Oedipus, fully aware that his fate is to murder his father, becomes outraged and doesn't take any precautions toward nonviolence. Sophocles shows that Oedipus' madness is a major flaw, and one that fulfills his destiny by remarking, "he brawls with an old man in a carriage over right of way and in a fit of temper kills him." Oedipus once again causes his own tragic destiny by allowing his madnness to take over instead of thinking before he acts upon a situation. His madness is the core element that causes him to lose control. Early in the play, Oedipus is confronted by Tiresias who accuses Oedipus as the killer of Laius.

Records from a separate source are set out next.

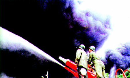 當(dāng)年黃島油庫發(fā)生火災(zāi)時(shí)正在全力救援的現(xiàn)場照片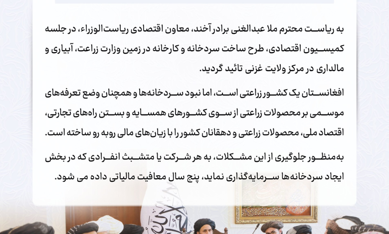 در نشست کمیسیون اقتصادی به ریاست ملا عبدالغنی برادر، معاون اقتصادی ریاست‌الوزرا، تصمیم گرفته شد که سرمایه‌گذاران در بخش اعمار سردخانه‌ها از مالیات پنج‌ساله معاف شوند.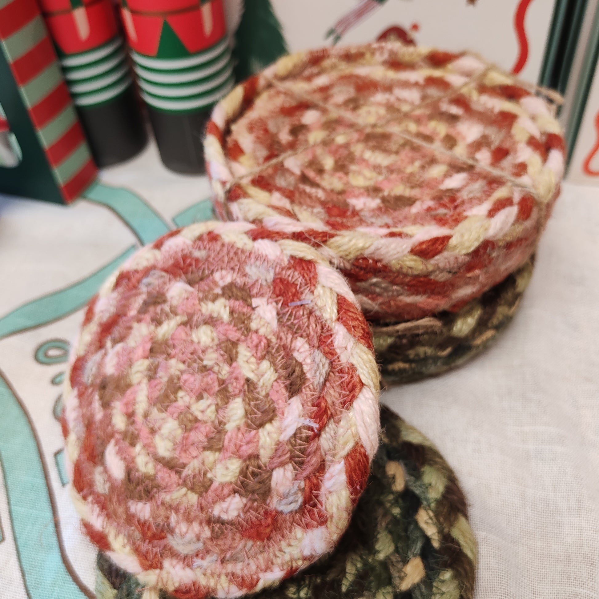 This set of 6 jute coasters in a lovely coral color comes in a convenient storage basket. Made from a natural and eco-friendly material, these coasters provide a sustainable and stylish way to protect your furniture. Keep them organized and easily accessible with the included storage basket.
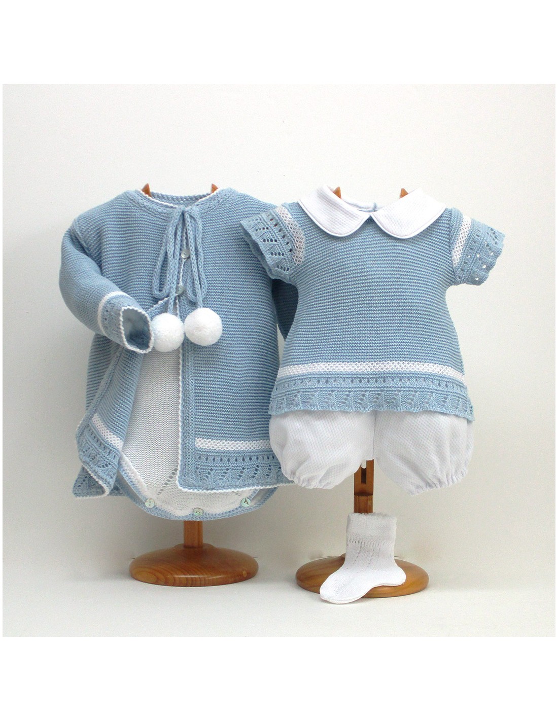 Abrigo, con jersey, pololo y calcetín, con decoraciones y telas en color blanco.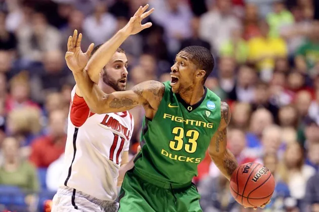 俄勒冈鸭队的卡洛斯·埃莫里在2013年3月29日印第安纳波利斯举行的2013年NCAA男子篮球锦标赛半决赛中,在路易斯维尔红雀队的卢克·汉考克的防守下寻求传球摄影:安迪·莱昂斯/盖蒂图片社在大学篮球这个大生意中,有一个问题至关重要:耐克会再失手吗?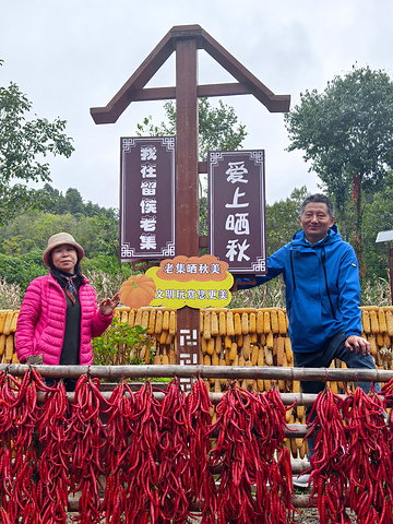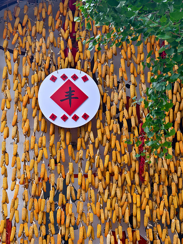 金黄的玉米棒子被巧手编成巨大的飞龙,沿着古朴得围墙蜿蜒盘踞,龙身起伏的动势,仿佛正欲借墙为云,腾空而起。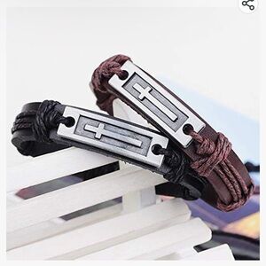Brown LEATHER Cross Charm Adjustable Bracelet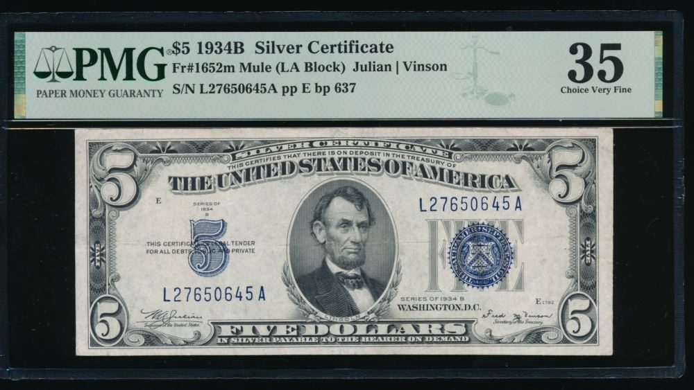 One 1934B $5 Silver Certificate PMG 35.

Oedipus quickly loses control and inveighs at Tiresias, and states," ... Creon the loyal, Creon so long my friend! Stealing up to overthrow and snatch... I'd lash you with the lesson of your fraud." Oedipus evidently loses control due to his madness. He quickly changes the subject away from the accusation and starts scolding Tiresias and Creon for conspiring to attain his thrown. Oedipus tends to let his madnness do the talking, this fatal flaw will eventually lead Oedipus to his downfall. The beginning of the Second Episode clearly illustrates Oedipus' madness and inner chaos when he starts incriminating Creon for attempting to overthrow him with the help of Tiresias.

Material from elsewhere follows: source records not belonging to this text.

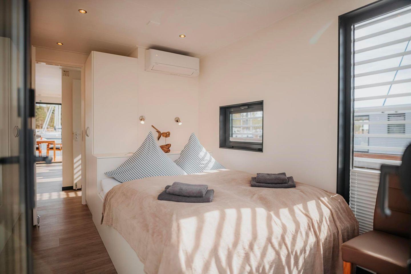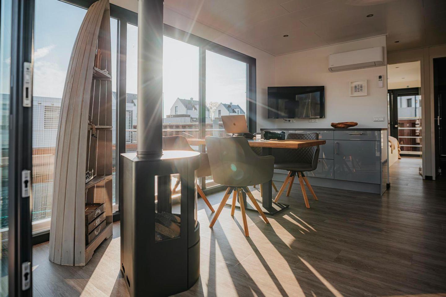 Auf 44 m² erwarten Sie insgesamt 3 Zimmer, darunter 2 Schlafzimmer und 1 Badezimmer. Das Floatinghouse ist für bis zu 4 Schlafmöglichkeiten ausgelegt und eignet sich bereits ab 1 Person. Der Wohnbereich ist als gemütliches Zentrum gestaltet: mit Sofa, Sofaecke, Essbereich und Esstisch – perfekt für gemeinsame Mahlzeiten oder entspannte Abende. Für zusätzlichen Komfort sorgen Heizung, Klimaanlage sowie ein Kamin-/Ofen. Sichtschutz an allen Fenstern und Fliegengitter unterstützen ein angenehmes Wohngefühl.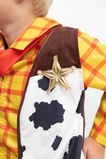Your little one will look like the cutest Woody cowboy doll come to life and will be ready for adventuring in the wild west when they put on their new cowboy costume. Includes a soft yellow and red checked shirt with sewn in suede vest, embellished with golden heat seal sheriff star. The soft stretch knit pants are made to look like jeans also have an elastic waist. Outfit is accented with red knit handkerchief and brown belt with gold heat seal belt buckle. You will love the comfortable design without any itchy seams and the durable design of this adorable dress up costume. Includes shirt and pants only. Cowboy hat, boots, and other Toy Story group costumes available separately.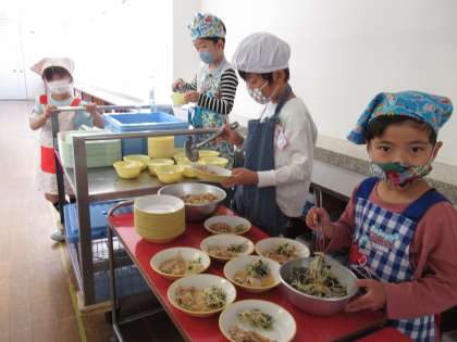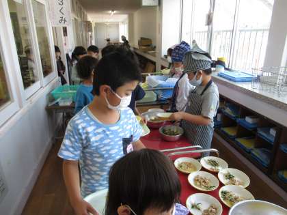 配膳や、給食当番の仕事もだんだん慣れてきました。がんばっています。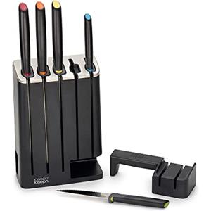 Joseph Joseph Elevate Set di Coltelli da 5 Pezzi con SlimBlock e Affilacoltelli Estraibile - Acciaio Inossidabile Giapponese
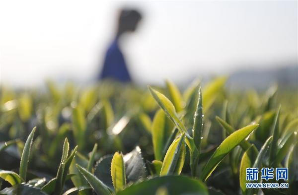广西三江侗族自治县八江镇布央村茶园里的茶叶冒出新芽(3月1日摄)。 新华社发(梁克川 摄)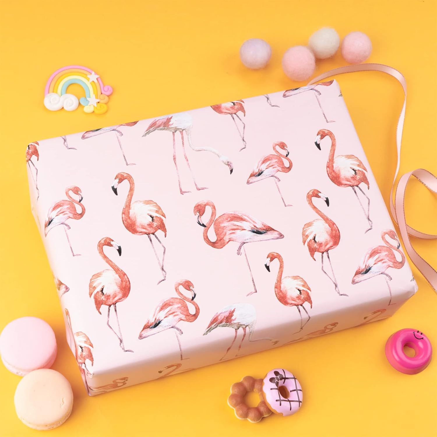 - REVERSIBLE: Adorable flamingo printed on one side, pink and white polka dots printed on the reverse. Two different designs make unique and varied gift presentations easy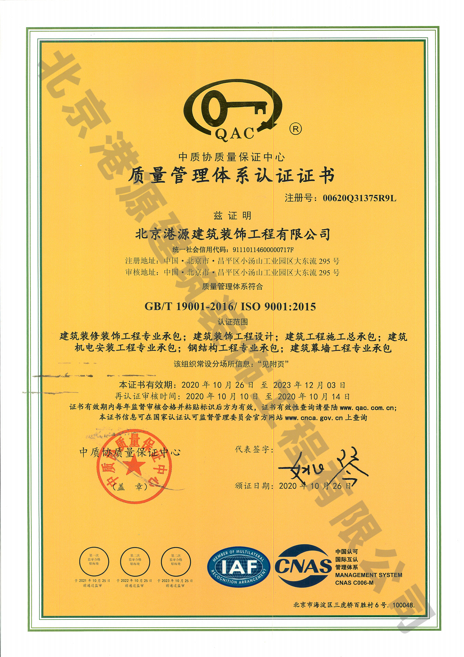 質(zhì)量管理體系認證證書(shū)

Creon retaliates with a plausible argument that he doesn't have to overthrow Oedipus because he himself has an equal third of the power minus the responsibilities of Oedipus and Jocasta, therefore it's totally impractical for him to try to usurp Oedipus' thrown. Sadly, Oedipus' monumental madness impedes him from reasoning and he states to Creon, .".. I want you dead: A lesson to all of how much envy's worth." One factor that facilitates Oedipus' demise is that Oedipus displays an attitude of madnness and often jumps to conclusions too soon. Oedipus' excessive pride which he displays throughout the play is a major factor towards his downfall. While Oedipus may be the current King of Thebes, he ranks himself beyond the position of a king due to his pride; Oedipus' first display of excessive pride is at the beginning of the prologue when he states," Yes, I whom men call Oedipus the Great." Oedipus' overweening pride is also illustrated at the end of the ode of entry. Oedipus is accusing Tiresias and Creon for conspiring to pin the death of Laius on him.

While the tension arises between Tiresias and Oedipus, Oedipus' pride reappears when he implies that riddle solving is his strong point and only a man of his intellect would be able to solve the riddle of the Sphinx. Oedipus further ridicules Tiresias for not having a mind to solve riddles by stating," ... When the bitch-dog Sphinx of riddles sang, you never spoke a thing to break the spell... But I, the Oedipus who stumbled here without a hint, could sniff her out by human wits...

." Oedipus' excessive pride causes him to formulate an opinion of a person or situation too early, this trait will accompany him with many problems throughout his life. Indeed, hamartia is not the only factor that leads to Oedipus' utimate demise, but it is the root causing the problem of his downfall. Oedipus displays many flaws throughout the play, like many tragic heroes Oedipus eventually faces his downfall. It isn't Oedipus' fate or destiny to become doomed from his wretched sins, it is his error of judgement and the flaws in his character that impede him from reigning! 31 e.